То есть для того чтобы обеспечить интересы господствующего слоя, его надо ограничить, хотя бы частично оградить от самого себя. В частности, для того, чтобы обеспечить политическую гегемонию крупного капитала, необходимо ограничивать его в стремлении контролировать политику напрямую.
На волне дела Ходорковского не было недостатка в людях, которые говорили: только начни копаться в старых грехах, и не остановишься, что грехи – всеобщие, системообразующие, что других бизнесменов у страны не было и нет. В 2003-м свежий ветер 37-го года вовсю гулял во впечатлительных головах по обе стороны баррикад. Но, как выяснилось чуть позже (не скрою, к разочарованию многих, не исключая и автора этих строк), речь шла вовсе не о смене элит, а о некой поправке во внутриэлитный пакт.
И повторюсь, она возымела свой эффект в плане стабилизации положения господствующего слоя. Те же люди стали с удвоенной энергией действовать по «исправленным и дополненным» правилам, отделавшись легким воспитательным испугом, смешанным с удовлетворением от съедения партнера.
Кстати, к вопросу об удовлетворении коллег. Дело Ходорковского (как, впрочем, и Березовского–Гусинского) ничуть не в меньшей мере, чем дело Сердюкова (пусть не уголовное, но уже точно – политическое), объяснимо по законам внутриэлитных войн. Олигархические бароны девяностых ничуть не хуже, чем аппаратные бонзы нулевых, умеют обмениваться «византийскими подставами». В серпентариуме элит это рутина. Но иногда в рутинных процессах возникает новое качество.
Новости партнеров
Десять лет назад, пусть в какой-то степени, это произошло. Может ли это произойти сейчас?
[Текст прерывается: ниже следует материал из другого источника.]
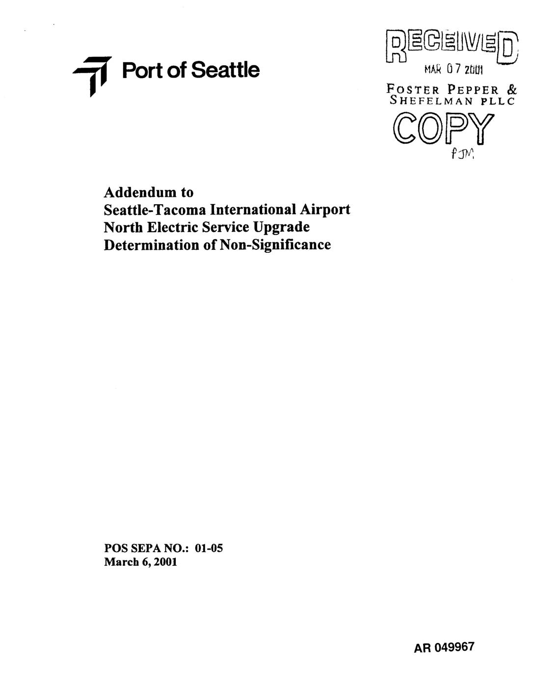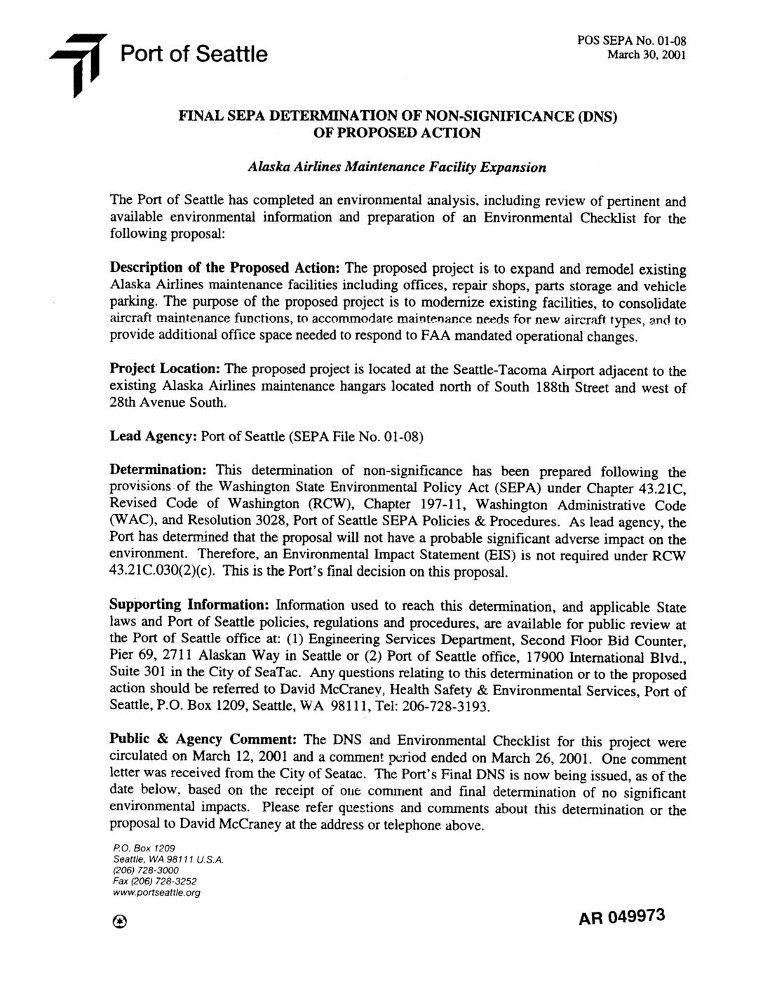Port of Seattle POS SEPA No. 0]-08 March 30,2001 FINAL SEPA DETERMINATION OF NON-SIGNIFICANCE (DNS) OF PROPOSED ACTION Alaska Airlines 31aintenance Facility Expansion The Port of Seattle has completed an environmental analysis, including review of pertinent and available environmental information and preparation of an Environmental Checklist for the following proposal: Description of the Proposed Action: The proposed project is to expand and remodel existing Alaska Airlines maintenance facilities including offices, repair shops, parts storage and vehicle parking. The purpose of the proposed project is to modernize existing facilities, to consolidate aircraft maintenance fimctions, to accommodate maintenance nee.ds for new aircr,'fft type.% and to provide additional office space needed to respond to FAA mandated operational changes. Project Location: The proposed project is located at the Seattle-Tacoma Airport adjacent to the existing Alaska Airlines maintenance hangars located north of South 188th Street and west of 28th Avenue South. Lead Agency: Port of Seattle (SEPA File No. 01-08) Determination: This determination of non-significance has been prepared following the provisions of the Washington State Environmental Policy Act (SEPA) under Chapter 43.21C, Revised Code of Washington CRCW), Chapter 197-11, Washington Administrative Code (WAC), and Resolution 3028, Port of Seattle SEPA Policies & Procedures. As lead agency, the Port has determined that the proposal will not have a probable significant adverse impact on the environment. Therefore, an Environmental Impact Statement (EIS) is not required under RCW 43.21 C.030(2)(c). This is the Port's final decision on this proposal. Supporting Information: Information used to reach this determination, and… -

Полагаю, что именно в качестве консерватора, а не «революционера на троне» президент Путин может быть обеспокоен тем, что сегодня, как и в конце девяностых, наступил момент, когда отдельные интересы, аппетиты, привычки представителей правящей элиты начинают входить в острое противоречие с совокупными интересами правящего слоя.
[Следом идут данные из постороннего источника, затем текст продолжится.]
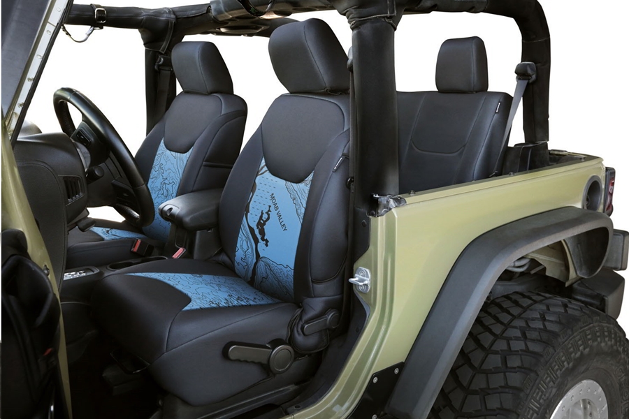 Add some flare to the interior of your vehicle with a Pair of Coverking Front Topographic Seat Covers. Transform your mundane seats with a pair of covers from Coverking who offers a slip-on product, fit perfectly for your 2 or 4 door Wrangler. Enhance the look and feel of your seats with one purchase; every order is complete with a topographic map of the Moab area and is structured with storage pockets throughout.

Эти факты банальны, но даже банальности иногда приходится замечать:
– колоссальная инфляция издержек (коррупционных, но не только) входит в противоречие с реалиями глобального кризиса и локального кризиса нефтегазового сектора (проблемы на газовом рынке, тенденция к снижению добычи нефти);
– советское наследство, за счет которого мы привыкли жить (а это не только основные фонды, но и человеческий капитал), тоже по большей части – невозобновляемый ресурс;
– утопия интеграции в глобальные элиты рухнула (как для власти, так и для бизнеса), возникшие из ниоткуда состояния российских элит могут приниматься в расчет лишь под залог политических ресурсов российского государства – но именно их и не будет, если элитарии продолжат реализовывать свои exit strategy столь энергично;
– наши государственные и частно-государственные топ-менеджеры переупаковывают «токсичные активы» своих репутаций в путинском рейтинге примерно так же, как акулы Уолл-стрит прячут риски в обязательствах государства, но в ситуации очевидного кризиса доверия к власти эта игра становится игрой на обрушение.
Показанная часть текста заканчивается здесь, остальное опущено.